Butternut Squash Risotto

3/4 cup carnaroli rice

4 cloves garlic, minced

4 ounces brussels sprouts, thinly sliced (unnecessary)

1 stalk celery, chopped

1 butternut squash, peeled and cubed (and cleaned of the innards)

2 tablespoons butter

2 tablespoons Mascarpone cheese

2 tablespoons chopped chestnuts, peeled and roasted (completely unnecessary)

1 shallot, diced

1/2 cup parmesan cheese, grated

Olive oil

Salt and pepper

Preheat the oven to 475 degrees. Spread squash onto a baking sheet and drizzle with olive oil, moving things around to get everything coated. Sprinkle with salt and pepper. Roast squash for 14-16 minutes, stirring halfway through, until browned and tender.

While the squash is roasting, heat 2 tablespoons of olive oil on medium-high heat. Add shallots and celery, seasoning with salt and pepper, and cooking 2-3 minutes. Then add the garlic, cooking for another minute or so, stirring frequently. Add the rice and cook  2-3 mintues, stirring frequently until toasted and fragrant. Add 3 1/2 cups of water, season with salt and pepper, and bring to a boil. Once boiling, reduce to a simmer and cook for 20-22 minutes, stirring often. The rice will absorb most of the water, and will be al dente (slightly firm to the bite).

Once the risotto has cooked for about 15 minutes, in medium skillet, start sauteing the brussels sprouts in a little olive oil over medium-high heat.

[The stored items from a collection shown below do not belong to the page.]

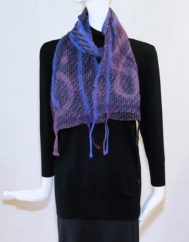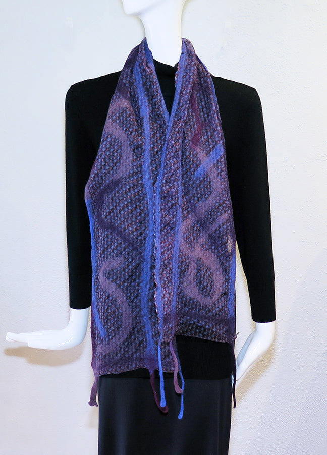 Cedide's Surprise Scarves are so much fun! Nuno felted silk and wool are combined for a beautiful one-of-a-kind wearable art scarf. Whisper light double layer silk and fine merino with mixed trims. Hand wash; line dry. 8" wide x 64" long, including felt fringe
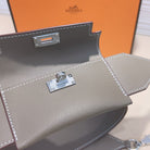 kelly pocket 50mm grey epsom silver hardware shoulder strap
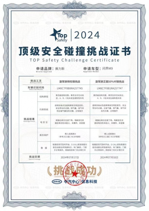 近日,在中汽中心最新C-NCAP公布的测评结果中,问界M9以93.9%的综合得分率刷新C-NCAP纪录,成为唯一超五星安全认证车型。不仅如此,问界M9还参与了TOP Safety行业首次副驾驶侧双项安全测试,并以卓越表现荣获顶级安全碰撞挑战成功认证。连续两次行业权威测试,彰显出问界M9领先不止一代的硬核安全,同时更标志着赛力斯汽车重塑中国新豪华品牌安全新标杆,引领行业进入智能安全时代。
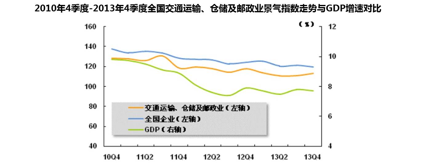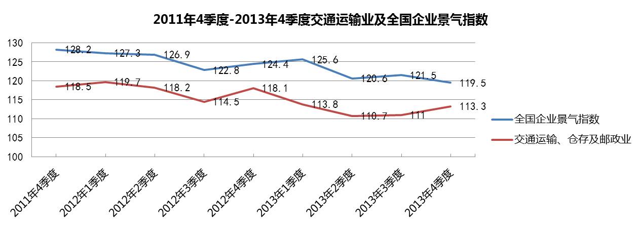 根据国家统计局发布的数据显示,2013年4季度我国企业景气指数为119.5,比2012年同期回落了4.9点,比2013年3季度回落了2.0点。其中,交通运输、仓储和邮政业企业景气指数为113.3点,比2012年同期回落了4.8点,但较2013年3季度上升了2.3点,与全国企业景气指数差距有所减少。同时,交通运输、仓存、邮政业企业景气指数高于100景气指数,表明我国交通运输业经济状态趋于上升阶段。
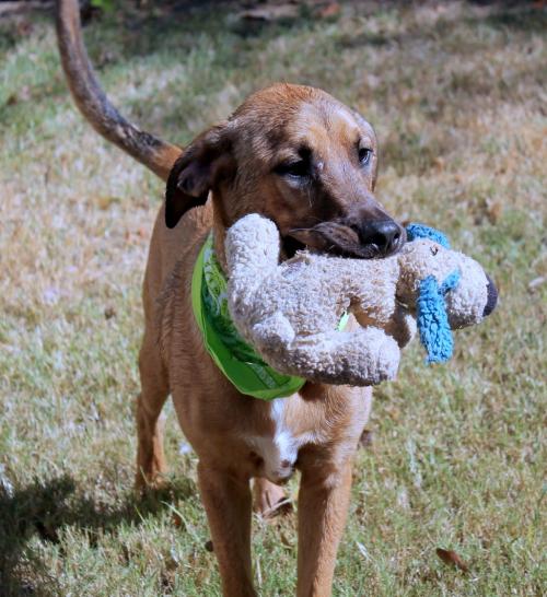 Razor is thirteen-months old as of mid-Jan ’20 and about 60 lbs. He loves children, is good with most dogs but best to meet at the Shelter to make sure. He loves to play and really loves his stuffed toys so we will make sure to send him home with one. Razor lives to please his person and is crate-trained.

Season with salt and pepper, and cook for 2-3 minutes, or until slightly softened. Add the chestnuts and half of the butter and cook for another 2ish minutes.

Once the rice is finished cooking, add the mascarpone cheese, squash, and remaining butter to the pot. Once combined, add a little more salt and pepper (to taste), and scoop into bowls. Top with the brussels sprouts and chestnuts, plus a sprinkling of parmesan. Or skip the brussels sprouts and chestnuts, and go for some mushrooms instead. I don’t think the toppings were necessary at all here… it was fucking awesome without them. Plus, who the fuck buys peeled chestnuts? If they hadn’t come in a neat little package with the rest of my ingredients,  I wouldn’t have even known where to purchase them.

When you’re done with all of that, eat your fancy risotto and promise yourself to never ghost someone ever again. Seriously. Don’t be a dick.

Serve with a glass of wine to help you unwind from your dating marathon. Then take a nap.